Yesterday as I was returning from a meeting at JA Finance Park, a program offered by Junior Achievement, a national syndicated columnist and radio talk show host caught my attention. He was discussing the topic of kids and financial literacy. I was at first intrigued, and then dismayed to hear the host conclude that our financial crisis could have been averted if we only had financial education in the classroom, unfortunately no one is stepping up to provide it. Such is not the case. Here are some of my personal thoughts:
With the recent volatility on Wall Street, Americans trying to survive on Main Street had better become more financially literate. It is no secret that the banking and financial lending crisis is due in part to weaknesses in our own respective personal financial frameworks. For the last ten years, disposable income grew 47 percent while at the same time personal spending grew by 61 percent, resulting in today’s approximately $2.5 trillion in personal debt (U.S. Department of Treasury). We can, and must, teach the next generation to do better.
When did you first learn what compound interest was? Did you understand mortgage rates and the different types of loans that were available before you bought your first house? Or are these concepts still a little cloudy for you to articulate even now? Are you a responsible steward of the economy, and will you teach your children to be the same?
Unfortunately, research indicates that only 43 percent of parents have discussed the importance of prioritizing needs and wants with their children (a concept brought to life in first grade classrooms through JA). Another surprising 42 percent of parents have not taken any steps whatsoever to discuss financial basics with their children (Capital One’s 2006 Back to School Survey).
Many parents assume incorrectly that their children learn money management skills as part of their school’s curriculum, when in fact, fewer than half of U.S. states require even the most basic economics course, much less personal financial literacy education.
Parents who volunteer for JA will tell you their kids are never the same. They show appreciation for what their parents do and take control of their personal finances. In short, they are prepared to succeed in the future.
In Washington, there is no mandate for financial education. Financial literacy only just recently made it into the grade level expectations, and only at the seventh and twelfth grades. In already crowded curriculum requirements fueled by WASL passage and No Child Left Behind pressures, financial literacy receives cursory mention, but additional funding is generally not provided. This means that it is even more critical for schools to work with organizations that can provide relevant financial literacy education for students.
Sound financial education and a solid grounding in fiscal responsibility are basic self-defense for all citizens-especially for our young people.
An investment now in teaching America’s youth how to earn, save, and budget-how to manage credit how to control their personal finances rather than vice versa will pay dividends in the long term.
Financially literate people are more likely to be self-supporting; to prepare for financial setbacks and emergencies; and to increase their standard of living through wise spending, saving, planning and investing, according to the U.S. Financial Literacy and Education Commission. They also are less susceptible to scams and identity theft. Financially literate citizens contribute positively to the local and national economy, improving peace of mind and national stability.

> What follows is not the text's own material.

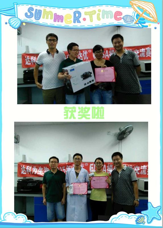 上午9點(diǎn)半正式開始,先是由相關(guān)人員講解比賽的注意事項(xiàng)及評(píng)分標(biāo)準(zhǔn),然后參賽人員開始正常操作比賽。這次參賽的人員有來自彭濤課題組、黃俊課題組的學(xué)生以及研究所的技術(shù)人員。此次參賽的大部分人員由于都有一定的ELISA實(shí)驗(yàn)基礎(chǔ),因此比賽的流程進(jìn)行地比較順暢,其中有一位同學(xué)接下來的課題剛好需要用到ELISA檢測(cè),他說通過這次的交流賽,也是為接下來的實(shí)驗(yàn)?zāi)M操作,能夠幫助自己發(fā)現(xiàn)實(shí)驗(yàn)操作中的不足和漏洞,收獲頗豐。并且還說今后購買試劑盒會(huì)優(yōu)先考慮我們達(dá)優(yōu)?試劑盒的。免疫所的老師不僅幫我們監(jiān)督評(píng)分還幫我們頒獎(jiǎng),還介紹說這次所里的有些學(xué)生暑假回家了,人數(shù)比較少,不然這是一個(gè)很好的交流機(jī)會(huì),同時(shí)也希望我們以后還有更多這樣的實(shí)驗(yàn)技能交流賽。

How can young people get this financial knowledge that they so desperately need? Fortunately, there are organizations who are answering the call to educate the next generation of consumers about how to effectively manage their money.
Junior Achievement is leading the way, working closely with the business and education communities to deliver classroom programs that teach K-12 students age-appropriate, hands-on lessons about how to be financially literate.
Ironically, our challenge is adequate funding and lack of awareness of a program that dramatically changes the way kids prepare for their futures. JA students will possess the necessary practical skills, so that when they grow up they are prepared to run our nation’s businesses, government entities and educational institutions. We believe that JA’s impact will lead to more fiscal discipline than currently evidenced in personal and professional lives, resulting in a more robust communities and a stronger American economy.
Both practical programs and policy leadership are necessary to ensure our children are prepared for their futures.
Senator Sharon Tomiko Santos chairs the Financial Literacy Public Private Partnership (created by SHB 2455), which sets strategies to promote financial literacy in schools and serves as an educational resource.
The Washington Financial Literacy Work Group was created in 2008 by Governor-sponsored legislation (Senate Bill 6272) to assess financial literacy in Washington State.
Jump$tart Washington Coalition and their partners provide a database of financial resources to schools and teacher development opportunities. These state-wide initiatives focus on assisting schools to deliver on financial education in these turbulent times. Clearly our current economic climate legitimizes and creates urgency for these initiatives, but we must do more.
I encourage businesses, parents, and educators to champion initiatives that create the standards and infrastructure to ensure financial literacy of our children and to support grassroots organizations, such as Junior Achievement, which partner with our educators to provide financial education to our schools. The turmoil in our financial markets clearly demonstrates the need to take decisive action today. It’s a sound investment in our children’s futures.